Constata-se, a cada dia, mais e mais questões litigiosas climáticas, sem êxito, ao menos no tempo, forma, proporção e medidas que se necessita. As providências litigiosas não resolveram, foram mal sucedidas, mal feitas ou não foram adotadas em questões ambientais e climáticas graves. Veja-se o caso dos lixões. É crime, há décadas. Há prazo para que fossem encerrados, mais uma vez adiado, para 2024. No Brasil, segundo dados do Instituto Brasileiro de Geografia e Estatística (IBGE), mais de 32 mil pessoas viverem em situação de rua no país. Mais de 11 milhões de pessoas vivem em favelas ou em moradias consideradas precárias. Morrem em desabamentos, anos após anos. Mais de cem milhões não tem água potável e esgoto. As tragédias de Maceió, Mariana, Santo Amaro (BA) e outras ainda estão produzindo seus efeitos nefastos.

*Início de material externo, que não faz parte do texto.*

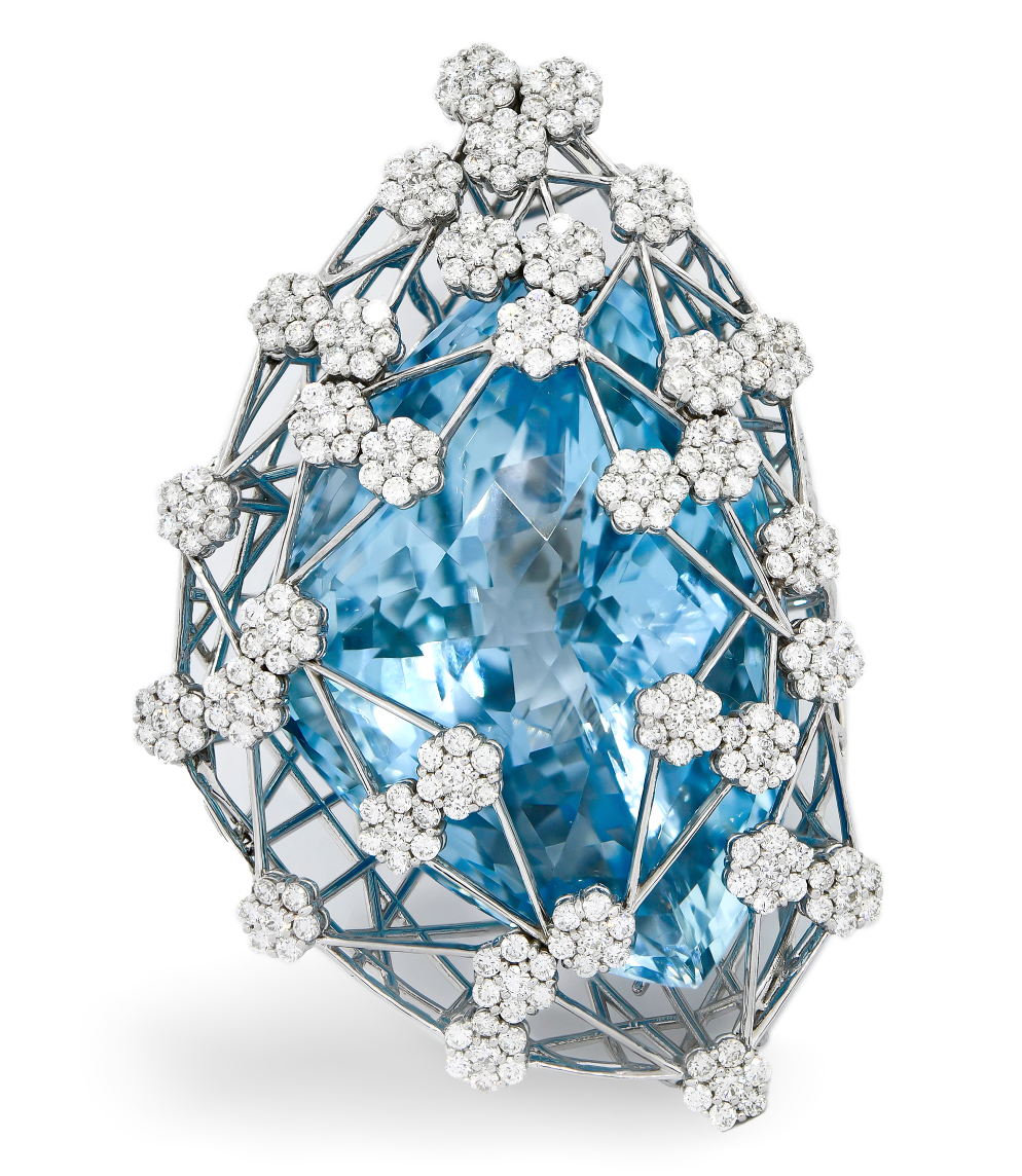 The Bird Nest pendant, designed and donated to the Crystal Ball charity event by the USC Arcadia Hospital Foundation, is a stunning symbol of care and generosity. Crafted in 14K white gold, the pendant features a beautifully special-cut blue topaz, totaling 229 carats, accented with diamonds. This exquisite piece supports USC Arcadia Hospital’s mission to enhance its programs and make a lasting impact on the lives of those it serves, helping to provide essential care and resources for the community.

Nada disso foi ou está sendo resolvido, a contento, pela "estratégia da litigância climática". Já na tragédia de Brumadinho, por exemplo, e em outras em que a consensualidade, em detrimento da litigância, foi o mecanismo de tutela predominante, esta se revelou mais adequada, célere e capaz de minimizar e, alguns casos, imediatamente reparar ou mesmo evitar o colapso ecológico, com afetação na qualidade da vida humana e dos ecossistemas, cumprindo a sustentabilidade, valor jurídico estruturante e transversal do estado democrático de direito e princípio filosófico basilar para manter as condições de habitação do planeta Terra.

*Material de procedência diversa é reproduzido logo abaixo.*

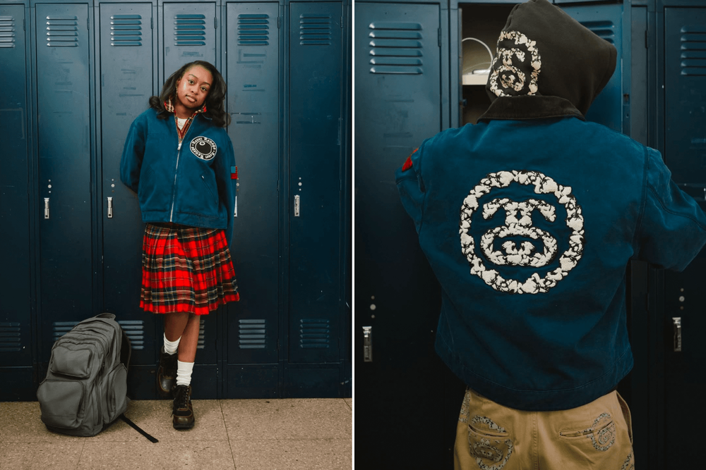 Running with the subverted school uniform theme that has real world applications, especially in America where most students are free to wear what they want, Stüssy & Denim Tears have created a 17-piece collection filled with blazers, flat-front chinos and other contemporary prep staples bearing characteristic collab motifs such as the SS-linked cotton wreath logo and Denim Tears’ Pan African-American flag.

Por estas razões, lógicas, estatísticas, científicas e de direito, alarmar a questão climática e usar a litigância como principal estratégia de pressão para uma solução, além de causar descrédito e banalizar essa importante questão, gerar riqueza, notoriedade ou mesmo fama para uns poucos, não traz os resultados necessários para assegurar a sadia qualidade de vida agora e para o futuro. Há dezenas de outras ferramentas e instrumentos mais eficazes e eficientes, como a consensualidade, notadamente quando incluem ações reparatórias, indenizatórias e, sobretudo, prestígio a acordos e compromissos para o desenvolvimento de tecnologias e ações sustentáveis, que promovam o desenvolvimento social, econômico, com o menor impacto ambiental possível.

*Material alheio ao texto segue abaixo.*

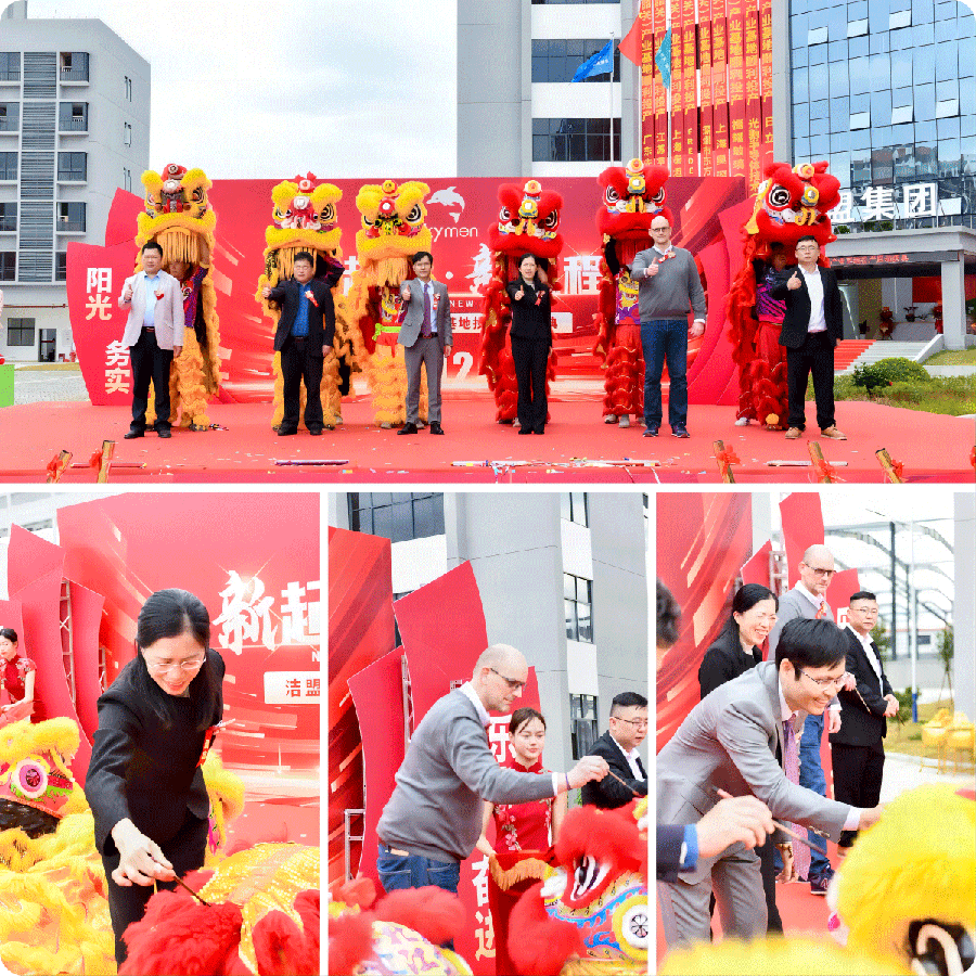 参与九州酷游官网(韶关)产业基地投产启动仪式的领导嘉宾们受邀为祥狮点睛,沉睡的祥狮被唤醒,在锣鼓声中欢腾跳跃,登高采青献祥瑞。九州酷游官网集团董事长杨善顺利接青,预示九州酷游官网集团在新的发展征程中事业兴旺,宏图大展,鹏程万里。

Desta forma, propõe-se que é preciso, ou melhor, dever constitucional e legal, mudar o foco. A manutenção do meio ambiente ecologicamente equilibrado para as presentes e futuras gerações é dever e direito fundamental. Mitigar, compensar ou impedir atos de desequilíbrio não podem esperar as eternas lides, sendo o primeiro e inadiável passo chegar ao consenso de quanto e quando o mundo desenvolvido pagará pelo que já causou e continuar a causar de degradação, com reflexo em todo o mundo, em especial o que devem ao Brasil e a outros países em desenvolvimento que garante a sustentabilidade, a segurança alimentar, de biodiversidade e hídrica do Planeta, enquanto seus filhos ainda andam distantes do mínimo essencial à dignidade da pessoa humana, pois morrem de fome, de sede, medo, de violência, de analfabetismo, de desemprego e por não ter onde morar ou mesmo realizar suas necessidades fisiológicas mais básicas.